Total Courses for Mode
# Mean Number of students enrolled in in-person vs online vs … (BC to BH) for different colleges - Utkarsha

# Create a table for each course type
course_types <- c("In_Person", "Full_Online", "IntractTV", "Hybrid", "Live_Online")

tables_list <- lapply(course_types, function(course) {
  table_data <- study_data %>%
    group_by(College) %>%
    summarise(Mean_Enrollment = round(sum(get(course), na.rm = TRUE), 2))
  
  names(table_data)[2] <- paste("Enrollment_", course)
  table_data
})

# Merge tables into a single table by College name
merged_table <- Reduce(function(x, y) merge(x, y, by = "College", all = TRUE), tables_list)

# Display the merged table
kable(merged_table)
College Enrollment_ In_Person Enrollment_ Full_Online Enrollment_ IntractTV Enrollment_ Hybrid Enrollment_ Live_Online
College of Agric and Life Sci 628 702 0 257 300
College of Humanities 935 850 0 94 521
College of Science 2100 429 0 760 747
College of Social & Behav Sci 2175 2118 0 324 1382
Eller College of Management 473 144 0 142 265

After this we no longer considered the mode of IntractTV.

Session

We then looked at the total courses offered for each different session length.

Total Courses for Each Session
# Create a table for each course type
course_types <- c("Reg_Session", "First_Half_Session", "Second_Half_Session", "First_Third_Session", "Second_Third_Session", "Third_Third_Session", "Ten_Week", "Thirteen_Week", "Other")

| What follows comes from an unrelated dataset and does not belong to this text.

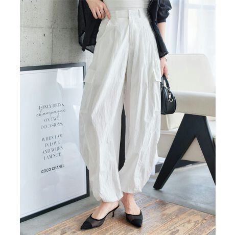 裾はドロスト仕様でワイドパンツにもジョガーパンツ風にも絞り具合で着こなしを変えられるミリタリーパンツです。

tables_list <- lapply(course_types, function(course) {
  table_data <- study_data %>%
    group_by(College) %>%
    summarise(Mean_Enrollment = round(sum(get(course), na.rm = TRUE), 2))
  
  names(table_data)[2] <- paste("", course)
  table_data
})

# Merge tables into a single table by College name
merged_table <- Reduce(function(x, y) merge(x, y, by = "College", all = TRUE), tables_list)

# Display the merged table
kable(merged_table)
College Reg_Session First_Half_Session Second_Half_Session First_Third_Session Second_Third_Session Third_Third_Session Ten_Week Thirteen_Week Other
College of Agric and Life Sci 1518 180 176 1 8 0 0 0 4
College of Humanities 1866 212 315 0 0 0 0 0 7
College of Science 3563 111 147 0 0 0 0 0 215
College of Social & Behav Sci 4458 566 846 13 13 14 0 0 89
Eller College of Management 894 65 65 0 0 0 0 0 0

After this, we decided to only consider Regular Session, First Half Session, and Second Half Session in further analysis.

Summary

After exploring the data, we were able to remove some colleges and course attributes from further analysis. We were also able to gain a full understanding of the information in the data and begin to develop ideas for further analysis.